Fall 2017 Lecture Series
Tuesday, November 14, 2017
Finding Richard IIIDr. Turi King is a molecular geneticist in the Department of Genetics and Genome Biology at the University of Leicester whose work bridges fields including archaeology, history, and geography. Dr. King led the international research team’s discovery of the skeletal remains of King Richard III under a car park in Leicester, England more than 500 years after his death. The research team included archeologists with expertise in historical ruins analysis to identify likely burial spots and bone experts to analyze the age, sex, and health of the remains and compare signs of battle injury with the historic record of his death. It also included geneticists to extract useable DNA from the available tissues and historians to conduct the genealogical analysis to identify surviving modern-day descendants to whom Richard’s DNA could be compared. Dr. King’s confirmation of the remains of King Richard III closes what is probably the oldest forensic case to date. Her talk will narrate this process of discovery and the vast public interest that this discovery engendered.
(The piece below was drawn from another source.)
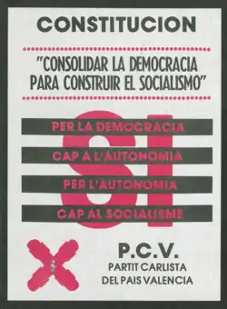 - ^ in the late 1970s the 1920-born Zufía was among the oldest party militants; among other recognized names, Carles Feliú Travy was born in 1923, José María Zavala Castella in 1924, Josep Badía Tomás in 1925, Juan-Angel Pérez-Nieves Abascal in 1930, Pedro José Zabala Sevilla in 1934, Josep Carles Clemente Balaguer in 1935 and Evaristo Olcina Jiménez in 1938
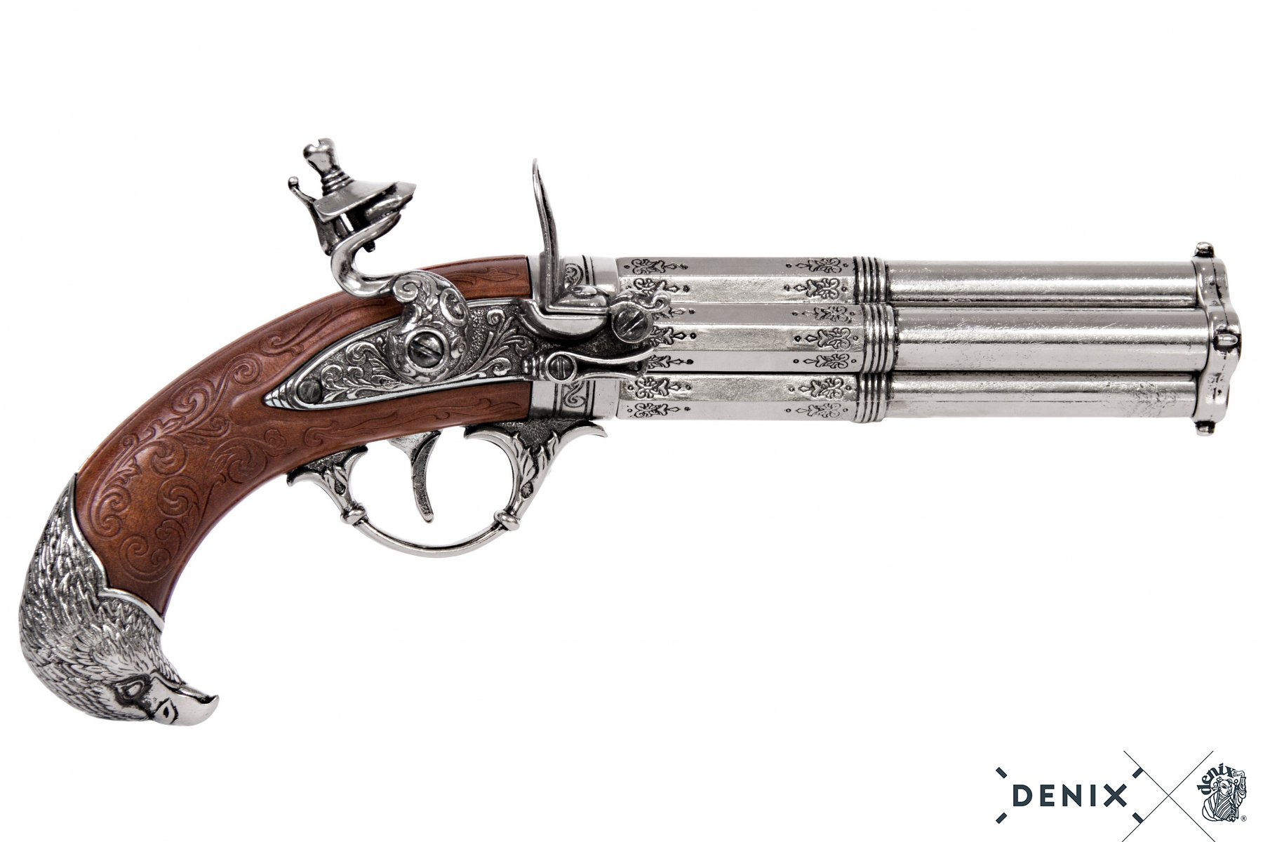 A multi barrel Snaplock pistol that can carry four Gunpowder cartridges. Everytime it fires it rotates to a new barrel and only needs to be reloaded when all barrels are spent.

Coevolution of Learning and Data-Acquisition Mechanisms: A Model for Cognitive Evolution | Arnon Lotem | November 15, 2017
Wednesday, November 15
Coevolution of Learning and Data-Acquisition Mechanisms: A Model for Cognitive Evolution
A fundamental and frequently overlooked aspect of animal learning is its reliance on compatibility between the learning rules used and the attentional and motivational mechanisms directing them to process the relevant data (called here data-acquisition mechanisms). We propose that this coordinated action, which may first appear fragile and error prone, is in fact extremely powerful, and critical for understanding cognitive evolution. Using basic examples from imprinting and associative learning, we argue that by coevolving to handle the natural distribution of data in the animal's environment, learning and data-acquisition mechanisms are tuned jointly so as to facilitate effective learning using relatively little memory and computation. We then suggest that this coevolutionary process offers a feasible path for the incremental evolution of complex cognitive systems, because it can greatly simplify learning. This is illustrated by considering how animals and humans can use these simple mechanisms to learn complex patterns and represent them in the brain.
The Transition to Foraging for Dense and Predictable Resources and Its Impact on the Evolution of Modern Humans | Curtis Marean | December 1, 2017
The Transition to Foraging for Dense and Predictable Resources and Its Impact on the Evolution of Modern Humans
Scientists have identified a series of milestones in the evolution of the human food quest that they anticipate had far-reaching impacts on biological, behavioral and cultural evolution: the inclusion of substantial portions of meat, the broad-spectrum revolution and the transition to food production. The foraging shift to dense and predictable resources is another key milestone that had consequential impacts on the later part of human evolution. The theory of economic defendability predicts that this shift had an important consequence—elevated levels of intergroup territoriality and conflict. In this talk, I integrate this theory with a well-established general theory of hunter–gatherer adaptations and make predictions for the sequence of appearance of several evolved traits of modern humans. I review the distribution of dense and predictable resources in Africa and argue that they occur only in aquatic contexts (coasts, rivers and lakes). The paleoanthropological empirical record contains recurrent evidence for a shift to the exploitation of dense and predictable resources by 110 000 years ago, and the first known occurrence is in a marine coastal context in South Africa. Some theory predicts that this elevated conflict would have provided the conditions for selection for the hyperprosocial behaviors unique to modern humans.